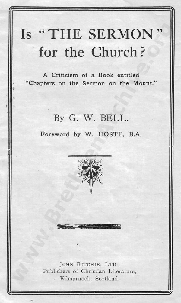 'A Criticism of a Book Entitled "Chapters on the Sermon on the Mount" by C.F. Hogg'
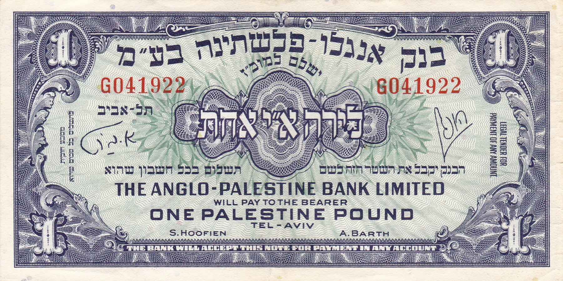 1 Pound ND (1948-1951), Anglo Palestine Bank Limited. Pick 15 [# G041922]. VF.
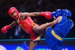 (250905) -- BRASILIA, 5 septiembre, 2025 (Xinhua) -- Beatriz Adriao (i), de Brasil, compite con Krisna Malecdan (d), de Filipinas, durante el combate femenino de semifinales de sanda de 56 kilogramos, en el 17 Campeonato Mundial de Wushu, en Brasilia, Brasil, el 5 de septiembre de 2025. (Xinhua/Lucio Tavora) (lt) (oa) (ra) (vf)
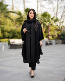 🧵 مشخصات پارچه: کرپ حریر جتبلک درجه یک (بسیار لطیف و مشکی زاغ) در ترکیب با ژاکارد شاین و گلدوزیهای ظریف صنعتی (تضمین عدم پرزدهی و ثبات کیفیت در درازمدت)
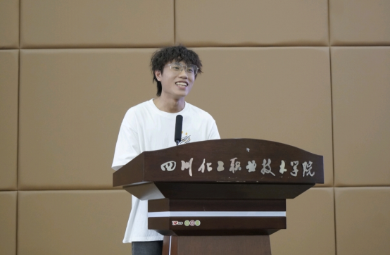 数媒2331班张清友同学曾获四川省职业院校技能大赛高职组二等奖、全国大学生广告艺术大赛四川赛区三等奖等多项荣誉。他通过分享创作过程中的挑战与突破,强调团队协作与创新思维的重要性,鼓舞同学们勇于尝试、敢于突破。​

========================

**YOUR TASK**: Give back the data verbatim. The pictures are not part of the copy.

**ANSWER TO THE PROBLEM**:
 'A Criticism of a Book Entitled "Chapters on the Sermon on the Mount" by C.F. Hogg'
 1 Pound ND (1948-1951), Anglo Palestine Bank Limited. Pick 15 [# G041922]. VF.
 (250905) -- BRASILIA, 5 septiembre, 2025 (Xinhua) -- Beatriz Adriao (i), de Brasil, compite con Krisna Malecdan (d), de Filipinas, durante el combate femenino de semifinales de sanda de 56 kilogramos, en el 17 Campeonato Mundial de Wushu, en Brasilia, Brasil, el 5 de septiembre de 2025. (Xinhua/Lucio Tavora) (lt) (oa) (ra) (vf)
 🧵 مشخصات پارچه: کرپ حریر جتبلک درجه یک (بسیار لطیف و مشکی زاغ) در ترکیب با ژاکارد شاین و گلدوزیهای ظریف صنعتی (تضمین عدم پرزدهی و ثبات کیفیت در درازمدت)
 数媒2331班张清友同学曾获四川省职业院校技能大赛高职组二等奖、全国大学生广告艺术大赛四川赛区三等奖等多项荣誉。他通过分享创作过程中的挑战与突破,强调团队协作与创新思维的重要性,鼓舞同学们勇于尝试、敢于突破。​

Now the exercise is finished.